→ RECORDED DATA:
○ ○ ○ ○ ○ ○ ○

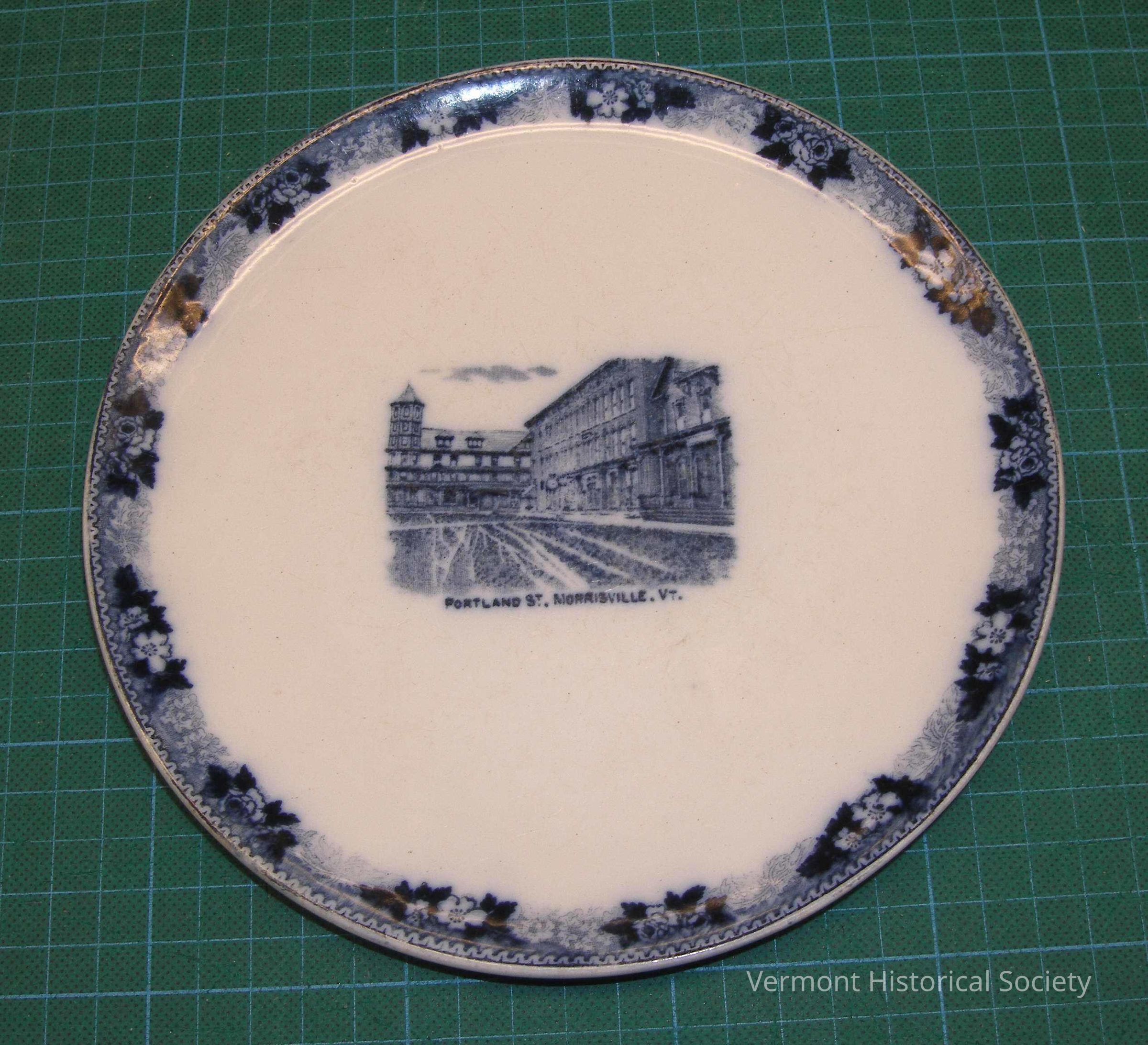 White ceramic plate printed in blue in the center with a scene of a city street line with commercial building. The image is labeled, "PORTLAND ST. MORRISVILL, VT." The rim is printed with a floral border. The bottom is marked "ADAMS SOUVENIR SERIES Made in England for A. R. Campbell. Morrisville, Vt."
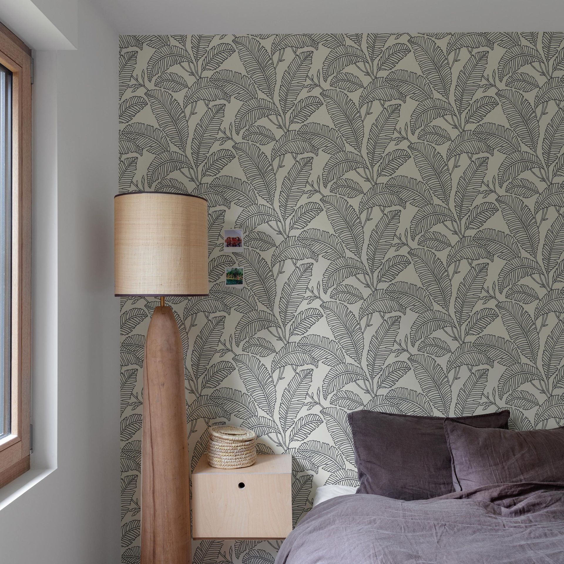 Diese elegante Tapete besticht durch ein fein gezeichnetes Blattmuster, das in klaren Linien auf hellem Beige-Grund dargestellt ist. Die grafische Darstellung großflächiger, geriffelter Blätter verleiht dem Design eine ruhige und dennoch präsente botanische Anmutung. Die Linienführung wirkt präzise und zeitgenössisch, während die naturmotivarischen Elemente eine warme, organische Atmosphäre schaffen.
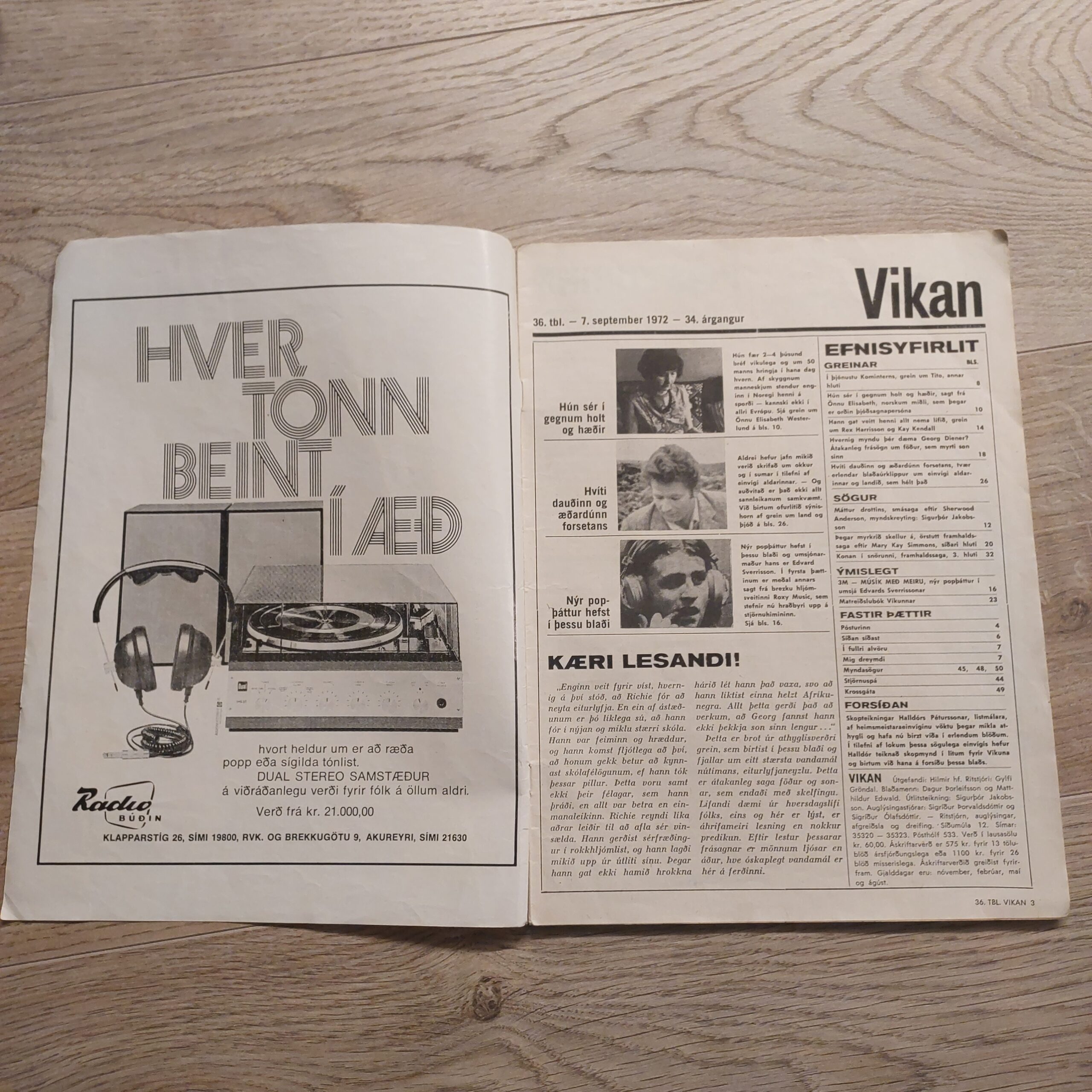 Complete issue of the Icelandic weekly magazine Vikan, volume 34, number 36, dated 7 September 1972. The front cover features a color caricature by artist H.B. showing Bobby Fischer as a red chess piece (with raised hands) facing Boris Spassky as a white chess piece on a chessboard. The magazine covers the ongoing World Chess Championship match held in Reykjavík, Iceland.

○ ○ ○ ○ ○ ○ ○

→ WHAT NEEDS TO BE DONE:
Apart from the images, every line above needs to be printed again exactly.

→ TASK SOLUTION:
 White ceramic plate printed in blue in the center with a scene of a city street line with commercial building. The image is labeled, "PORTLAND ST. MORRISVILL, VT." The rim is printed with a floral border. The bottom is marked "ADAMS SOUVENIR SERIES Made in England for A. R. Campbell. Morrisville, Vt."
 Diese elegante Tapete besticht durch ein fein gezeichnetes Blattmuster, das in klaren Linien auf hellem Beige-Grund dargestellt ist. Die grafische Darstellung großflächiger, geriffelter Blätter verleiht dem Design eine ruhige und dennoch präsente botanische Anmutung. Die Linienführung wirkt präzise und zeitgenössisch, während die naturmotivarischen Elemente eine warme, organische Atmosphäre schaffen.
 Complete issue of the Icelandic weekly magazine Vikan, volume 34, number 36, dated 7 September 1972. The front cover features a color caricature by artist H.B. showing Bobby Fischer as a red chess piece (with raised hands) facing Boris Spassky as a white chess piece on a chessboard. The magazine covers the ongoing World Chess Championship match held in Reykjavík, Iceland.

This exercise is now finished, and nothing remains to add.